• TASK DIRECTIONS:
With the pictures omitted, transcribe each line below exactly as it is.

━━ SUPPLIED MATERIAL

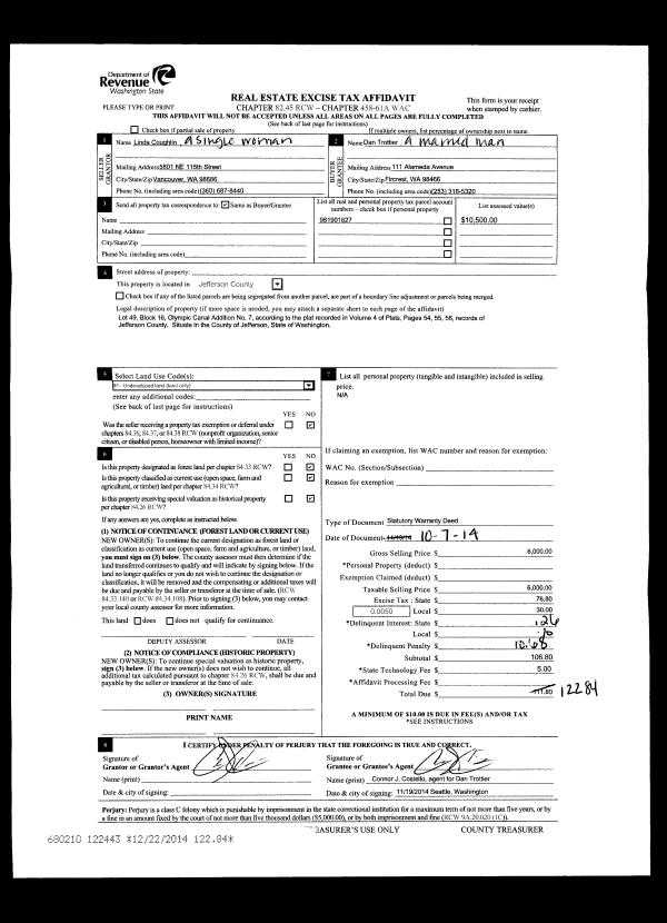 | 4 | 01/06/2016 | SWD | Statutory Warranty Deed | LINDA J CUPP | BONNIE L FRITZ | | | $155,000.00 | 124696 | |
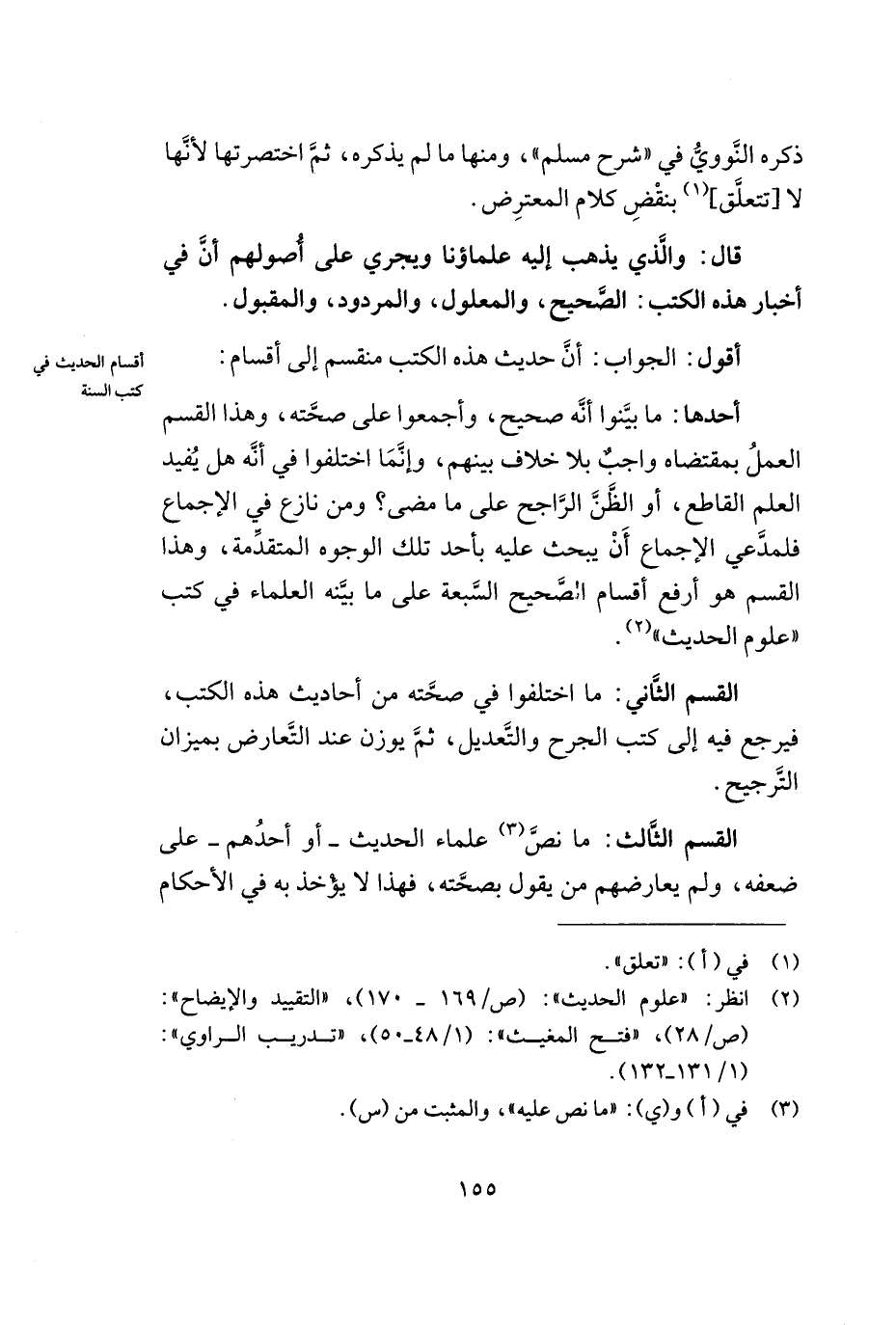 قال: والذي يذهب إليه علماؤنا ويجري على أصولهم أنّ في أخبار هذه الكتب: الصّحيح, والمعلول, والمردود, والمقبول.
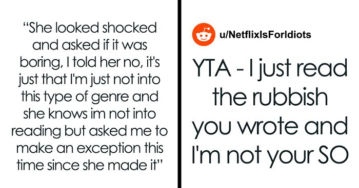 Folks online voted that the guy is the jerk in this situation. “All I read was I’m a [terrible] bf and can’t do something as simple as sitting and reading to make my gf happy,” one user wrote and received much support. “This is so important in a relationship. My other is not artistic at all but he acts interested,” another added.
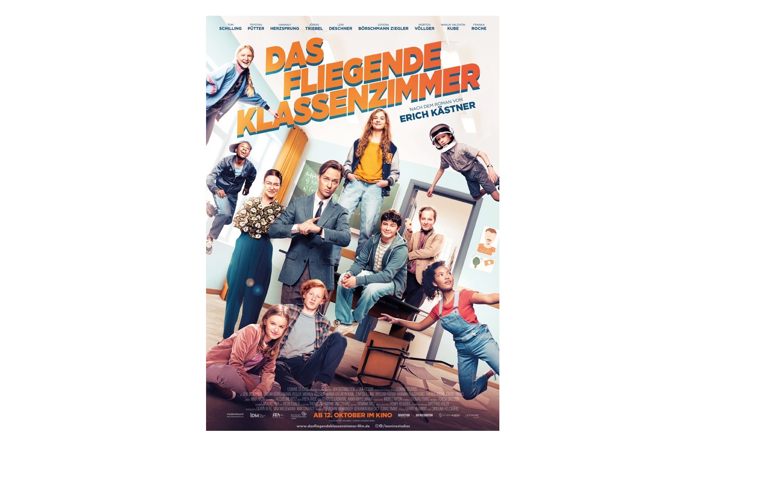 Endlich wieder auf der großen Leinwand! 90 Jahre nach seinem Erscheinen erhält DAS FLIEGENDE KLASSENZIMMER einen modernen Anstrich! Die gutgelaunte und mitreißende Neuverfilmung von Erich Kästners zeitlosem Kinder- und Jugendbuch kommt am 12. Oktober in die Kinos. Regisseurin Carolina Hellsgård („Sunburned“, „Wanja“) inszeniert das turbulente Internatsabenteuer nach einem Drehbuch von Gerrit Hermans („Tabaluga“, „Hilfe, ich habe meine Lehrerin geschrumpft“). In den Hauptrollen spielen Tom Schilling („Fabian oder Der Gang vor die Hunde“, „TKKG“), Trystan Pütter („JGA: Jasmin, Gina, Anna“, „Ku’damm 63“), Hannah Herzsprung („Der Boandlkramer“, „Babylon Berlin“) und Jördis Triebel („Irgendwann werden wir uns alles erzählen“, „Babylon Berlin“) sowie die Nachwuchsstars Leni Deschner, Lovena Börschmann Ziegler, Morten Völlger, Franka Roche, Wanja Valentin Kube, Holly Schiek, Aaron Sansi, Leander Schumann, u.v.m.
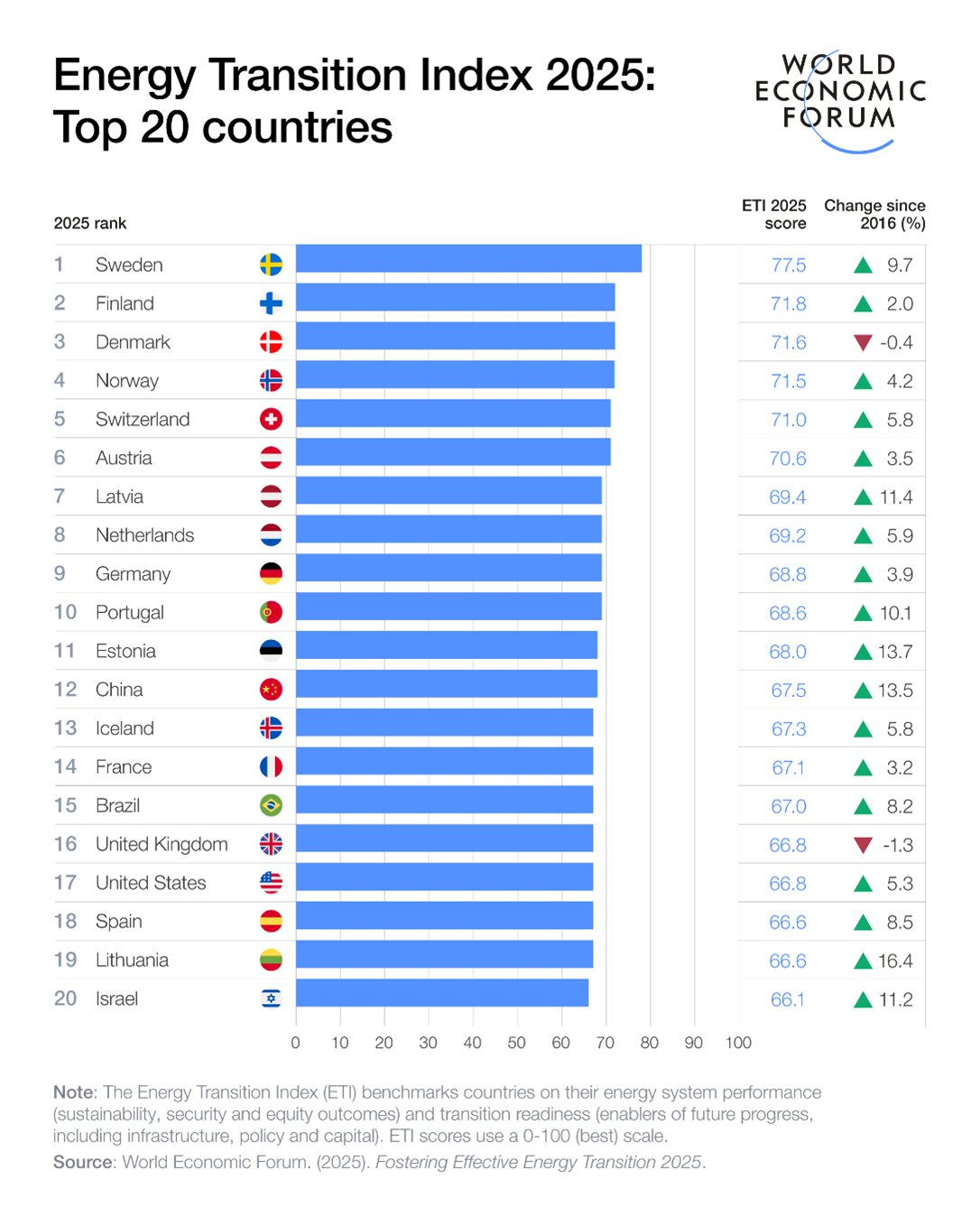 Sweden, Finland, Denmark, Norway and Switzerland topped the rankings, benefiting from long-standing policy commitments, well-developed infrastructure, and diversified low-carbon energy sources.
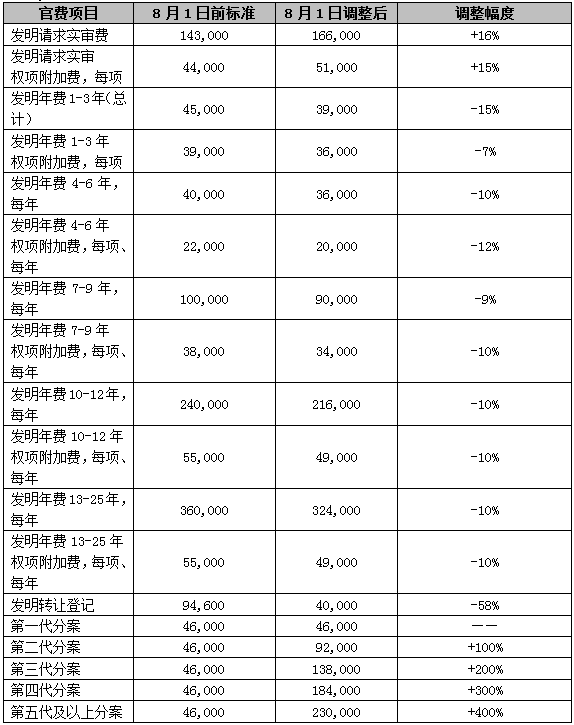 本次調(diào)整的專利官費項目主要內(nèi)容如下:
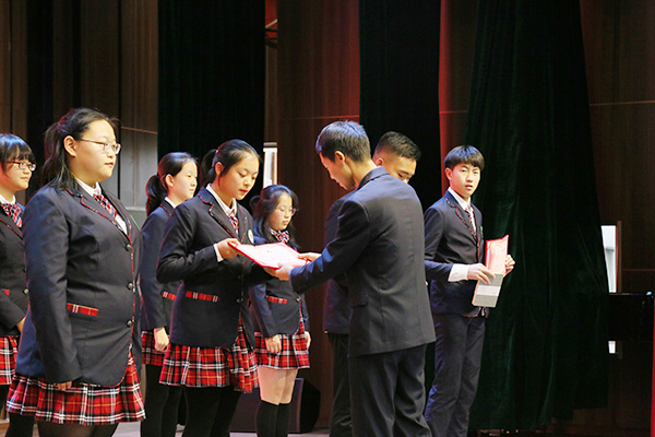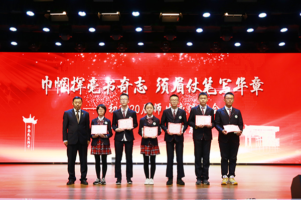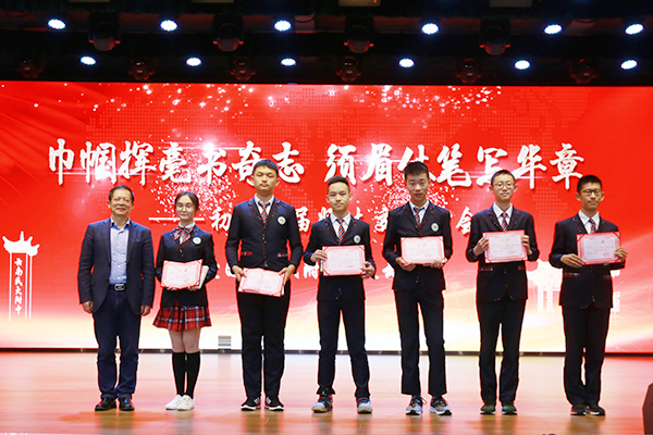 会上,对荣获“爱校荣校之星”“智慧之星”“文明之星”“文体之星”“学习之星”的学生进行了表彰,获奖学生代表还发表了获奖感言、带来了精彩的节目,初三教师合唱歌曲《我爱你中国》,全体师生最后齐唱《向前冲》,将大会带入高潮。

━━━━

• SOLUTION TO THE EXERCISE:
 | 4 | 01/06/2016 | SWD | Statutory Warranty Deed | LINDA J CUPP | BONNIE L FRITZ | | | $155,000.00 | 124696 | |
 قال: والذي يذهب إليه علماؤنا ويجري على أصولهم أنّ في أخبار هذه الكتب: الصّحيح, والمعلول, والمردود, والمقبول.
 Folks online voted that the guy is the jerk in this situation. “All I read was I’m a [terrible] bf and can’t do something as simple as sitting and reading to make my gf happy,” one user wrote and received much support. “This is so important in a relationship. My other is not artistic at all but he acts interested,” another added.
 Endlich wieder auf der großen Leinwand! 90 Jahre nach seinem Erscheinen erhält DAS FLIEGENDE KLASSENZIMMER einen modernen Anstrich! Die gutgelaunte und mitreißende Neuverfilmung von Erich Kästners zeitlosem Kinder- und Jugendbuch kommt am 12. Oktober in die Kinos. Regisseurin Carolina Hellsgård („Sunburned“, „Wanja“) inszeniert das turbulente Internatsabenteuer nach einem Drehbuch von Gerrit Hermans („Tabaluga“, „Hilfe, ich habe meine Lehrerin geschrumpft“). In den Hauptrollen spielen Tom Schilling („Fabian oder Der Gang vor die Hunde“, „TKKG“), Trystan Pütter („JGA: Jasmin, Gina, Anna“, „Ku’damm 63“), Hannah Herzsprung („Der Boandlkramer“, „Babylon Berlin“) und Jördis Triebel („Irgendwann werden wir uns alles erzählen“, „Babylon Berlin“) sowie die Nachwuchsstars Leni Deschner, Lovena Börschmann Ziegler, Morten Völlger, Franka Roche, Wanja Valentin Kube, Holly Schiek, Aaron Sansi, Leander Schumann, u.v.m.
 Sweden, Finland, Denmark, Norway and Switzerland topped the rankings, benefiting from long-standing policy commitments, well-developed infrastructure, and diversified low-carbon energy sources.
 本次調(diào)整的專利官費項目主要內(nèi)容如下:
 会上,对荣获“爱校荣校之星”“智慧之星”“文明之星”“文体之星”“学习之星”的学生进行了表彰,获奖学生代表还发表了获奖感言、带来了精彩的节目,初三教师合唱歌曲《我爱你中国》,全体师生最后齐唱《向前冲》,将大会带入高潮。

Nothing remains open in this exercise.